The Britten is treacherous for both its soloists. But young tenor Jeffrey Thompson turned in, without apparent effort, the most powerful performance I’ve heard from him, articulating both the text and the emotional subtext of Britten’s astonishing settings of six poems about evening (and mortality): the delightful 17th-century poet Charles Cotton’s "The shadows now so long do grow,/That brambles like tall cedars show;/Molehills seem mountains, and the ant/Appears a monstrous elephant"; Tennyson’s brilliant "The splendour falls on castle walls"; Blake’s stomach-churning "The Sick Rose"; the terrifying Scottish "Lyke-Wake Dirge" ("If meat or drink thou ne’er gav’st nane. . . . The fire will burn thee to the bare bane;/And Christe receive thy saule"); Ben Jonson’s scintillating hymn to Diana, "Queen and Huntress, chaste and fair"; and Keats’s moving sonnet "To Sleep" ("Turn the key deftly in the oilèd wards,/And seal the hushèd Casket of my Soul"). And the BSO’s principal horn, James Sommerville, playing the part written for the legendary Dennis Brain, made Britten’s challenging variety (hunting horn, solemn dirges, a lonely off-stage lament) both coherent and mysteriously moving.

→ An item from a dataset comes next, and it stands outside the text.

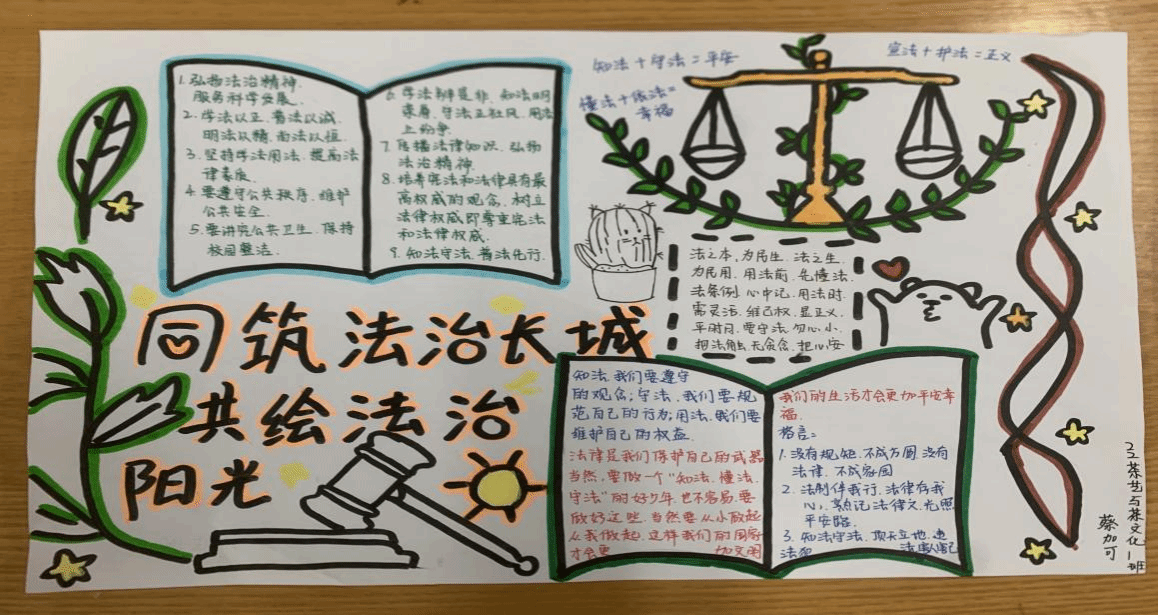 本次海报比赛通过让大家从行动上和思想上了解法律法规,从内心深处形成用法律保护自己的安全维护自己的利益意识,真正达到理论与实践相结合的效果。海报主题围绕法律、法规、如何用正确保护自己的合法权益展开,展示班级共同学习的成果提高学生对了解法治的积极性,了解到更多的法治内容与标识,使法治深入人心。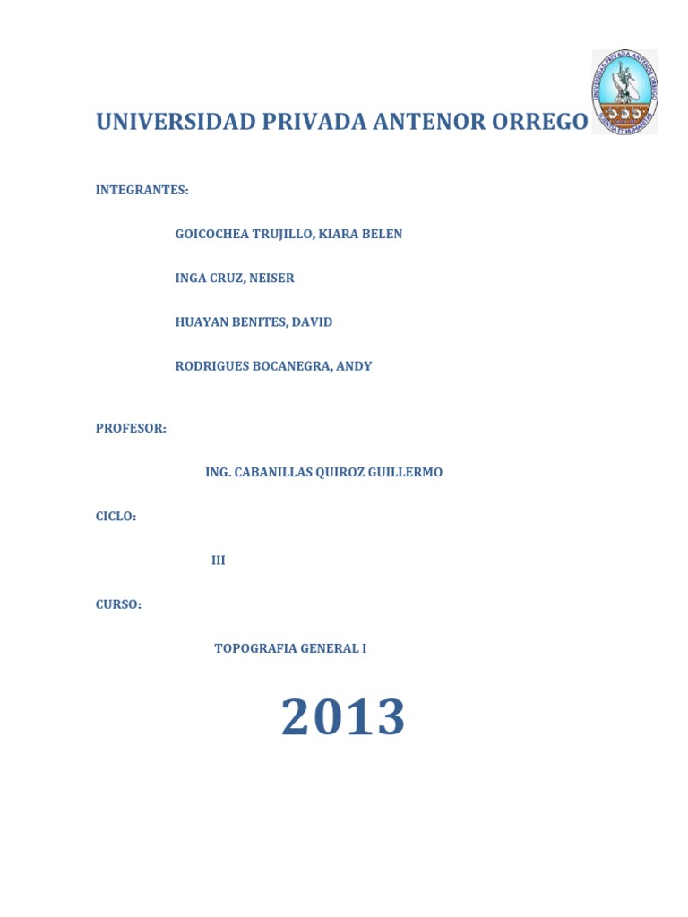 PROFESOR: ING. CABANILLAS QUIROZ GUILLERMO CICLO: III CURSO: TOPOGRAFIA GENERAL I

The Schoenberg is a landmark work whose chromaticism and aching harmonies seem to be both the culmination of 19th-century European music and an announcement of all the musical changes that lay ahead in the new century. It was inspired by a controversial but piercing contemporary poem by Richard Dehmel about a couple who find redemption when the woman confesses that she is bearing a former lover’s child and the man accepts it as his own. Wyner led her gorgeous strings in a soul-stirring account, balancing formal clarity with a burning narrative drive. I’d be very surprised to find this concert missing from my year-end "Best of 2003" list.